闇にまぎれてbowyow cine-archives vol.86
1952年に製作された箱根用水の工事をめぐる虚虚実実、波乱万丈の物語です。
タカクラ・テルの原作を山本薩夫が監督した本作では、いまどき珍しい人民史観による反権力の闘争が感動的に描かれています。箱根用水は1666年から70年の5年間の歳月と莫大な経費と人力を投入して、箱根芦ノ湖の水を湖尻峠の地下を通って、静岡県の深良川まで1280mの暗渠で結びましたが、この作品は私財を投げ出し、農民の先頭に立ってこの難工事に従事した江戸商人、友野與右衛門夫婦(河原崎長十郎、山田五十鈴)が主人公にフユーチャーされています。

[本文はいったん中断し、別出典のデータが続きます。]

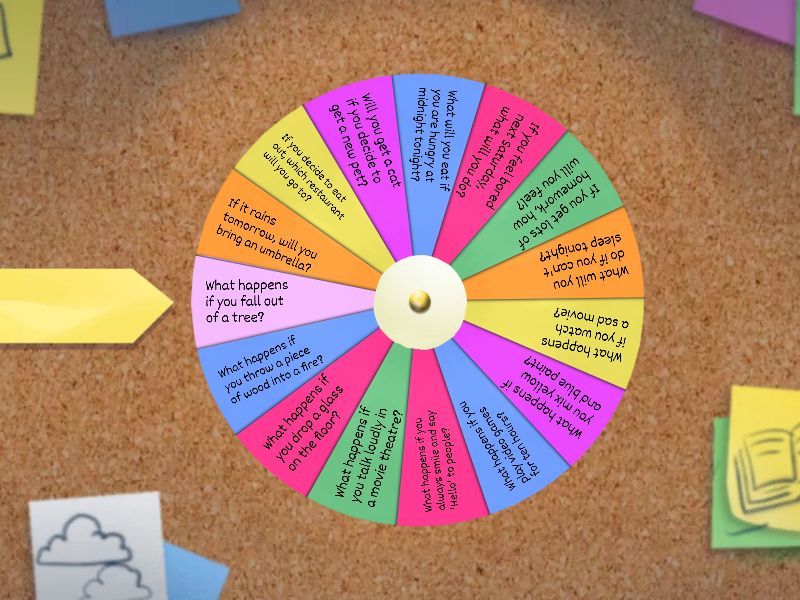 1) If it rains tomorrow, will you bring an umbrella? 2) If you decide to eat out, which restaurant will you go to? 3) Will you get a cat if you decide to get a new pet? 4) What will you eat if you are hungry at midnight tonight? 5) If you feel bored next Saturday, what will you do? 6) If you get lots of homework, how will you feel? 7) What will you do if you can't sleep tonight? 8) What happens if you watch a sad movie? 9) What happens if you mix yellow and blue paint? 10) What happens if you play video games for ten hours? 11) What happens if you always smile and say 'Hello' to people? 12) What happens if you talk loudly in a movie theatre? 13) What happens if you drop a glass on the floor? 14) What happens if you throw a piece of wood into a fire? 15) What happens if you fall out of a tree?

しかし単なる徳川時代の土木工事裏話ではドラマにならないので、この大工事を徹底的に妨害する幕府の権力者や隠密、討幕をはかる浪人(中村翫右衛門)グループ、さらに農民グループ内部の対立抗争や資金作りの苦労話などのエピソードも交え、箱根の広大な大自然をバックにした戦闘シーンなどもふんだんに入れ込んで、それこそコテコテの「風雲録」に仕上がりました。
用水の両側から掘り進んだ農民たちが土砂を崩して出会うところ、芦ノ湖の水が用水に滔々と流れ込むシーン、友野與右衛門が江戸帰還を放棄して箱根の土に身をうずめる決意を涙ながらに固めるところ、牢屋に幽閉された與右衛門が用水開通の烽火を遠望しながら哀れ役人に殺されるシーンなどなど、江湖の紅涙を絞る箇所も多々あって、これぞ立派な人情浪曲人民音頭の宣揚映画と成りおおせているのでした。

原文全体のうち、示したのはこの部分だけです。